• [Stored data]:

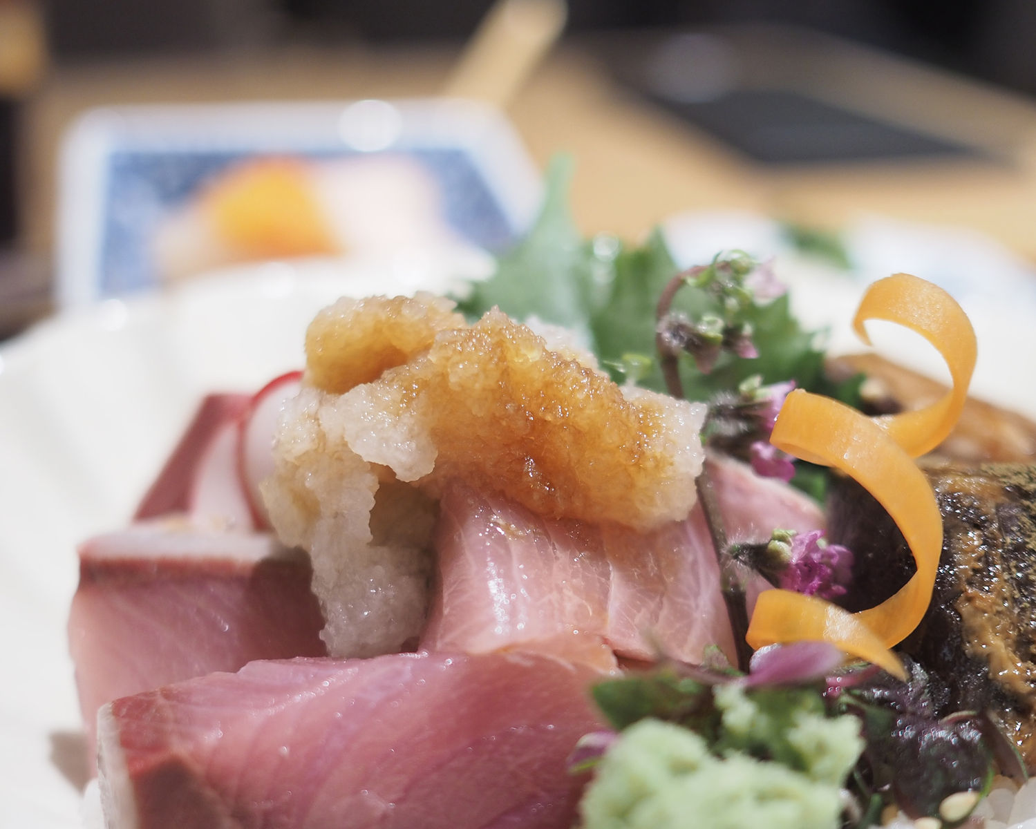 10mmほどの厚切りにされたお刺身はキトキトでありまして、脂がのっていることからお醤油を弾いてしまうことから醤油をかけた大根おろしでいただくことを勧めていただけます
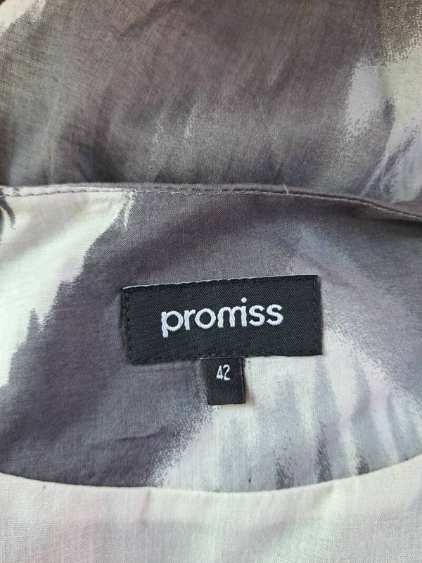 Mooi klassiek tweedehands Promiss jurkje dat altijd kan. Het jurkje heeft een mooi overslag decolleté, een striklint in de taille en de rok waaiert mooi uit. Het jurkje sluit met een rits aan de zijkant en is gevoerd.
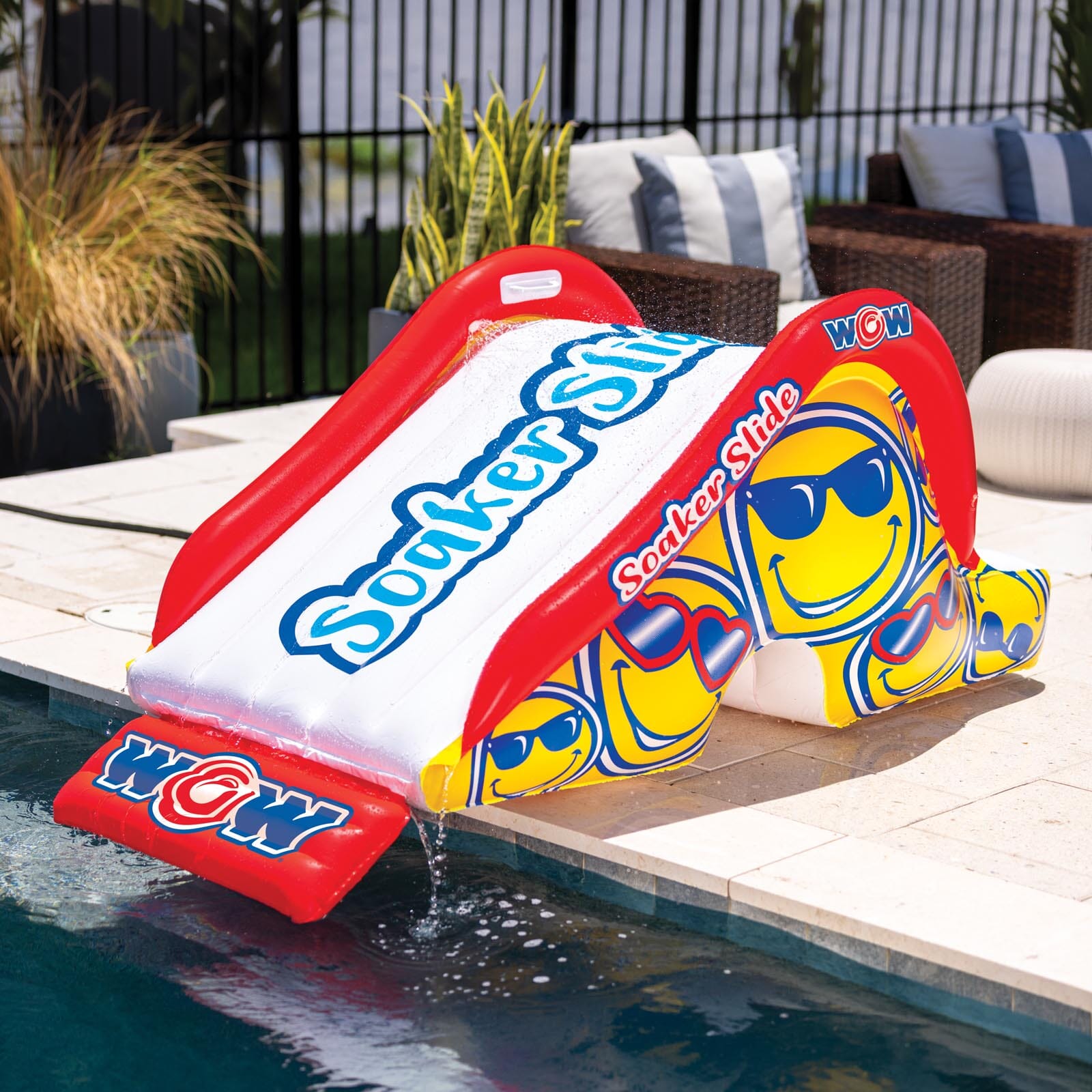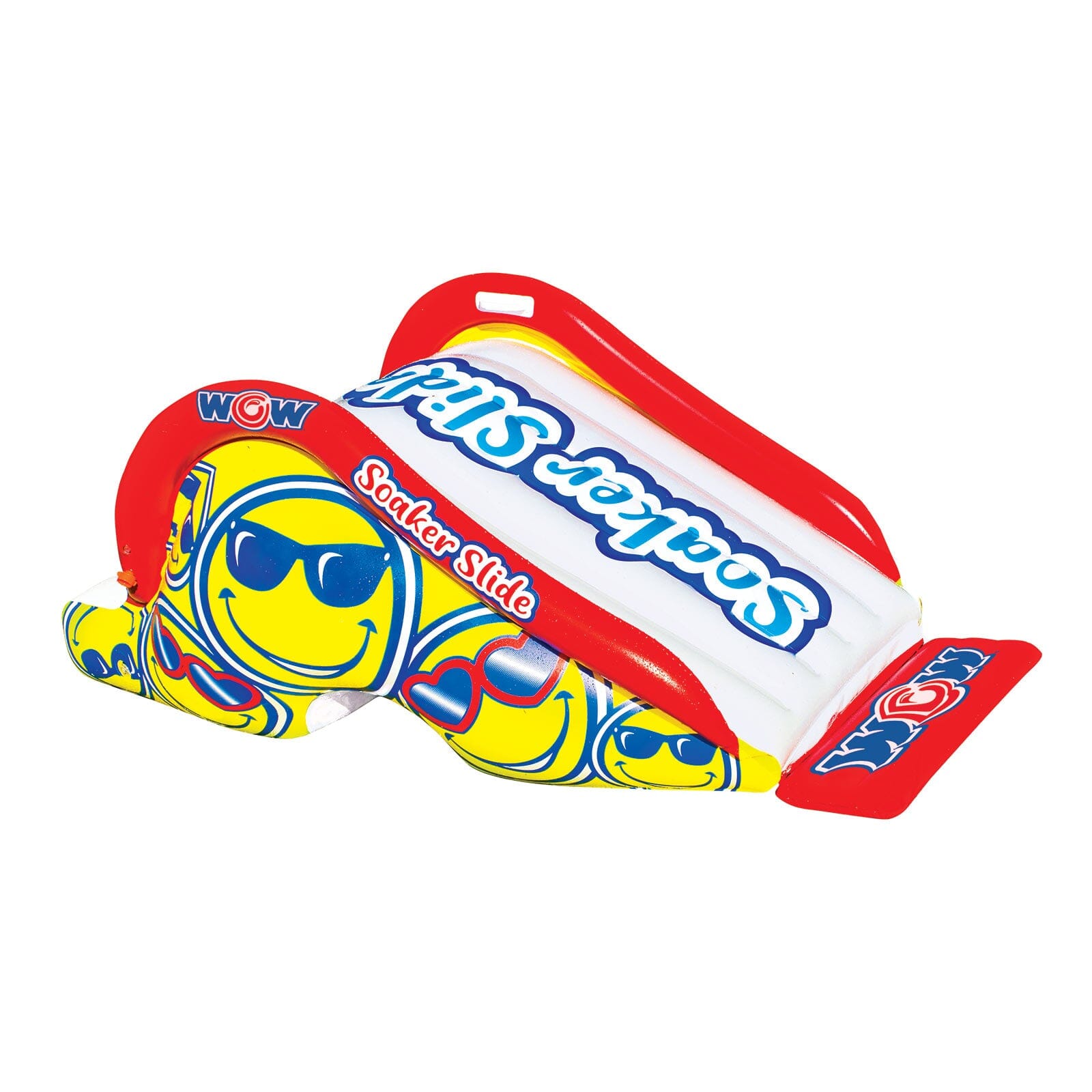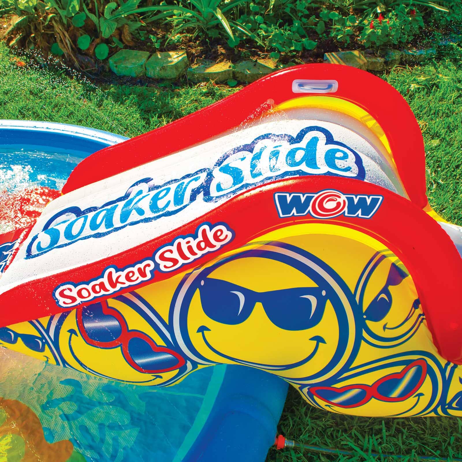 ADD to your PAD with WOW's Soaker Splash Pad Slide. This easy to set-up inflatable has a tunnel that fits over the pontoons of our WOW Splash Pads for secure stable sliding. Built in soaker sprinkler creates a wet fast sliding surface that connects easily to any standard garden hose. EZ boarding step design with moulded handles. At the bottom of the slide, there is a WOW slide bumper for easy entry into the water.

• [Your assignment]:
Retype verbatim only the lines beginning with the line that contains "Mooi klassiek tweedehands" and ending with the last line of the listing above; pictures are to be excluded.

• [Answer to this problem]:
 Mooi klassiek tweedehands Promiss jurkje dat altijd kan. Het jurkje heeft een mooi overslag decolleté, een striklint in de taille en de rok waaiert mooi uit. Het jurkje sluit met een rits aan de zijkant en is gevoerd.
 ADD to your PAD with WOW's Soaker Splash Pad Slide. This easy to set-up inflatable has a tunnel that fits over the pontoons of our WOW Splash Pads for secure stable sliding. Built in soaker sprinkler creates a wet fast sliding surface that connects easily to any standard garden hose. EZ boarding step design with moulded handles. At the bottom of the slide, there is a WOW slide bumper for easy entry into the water.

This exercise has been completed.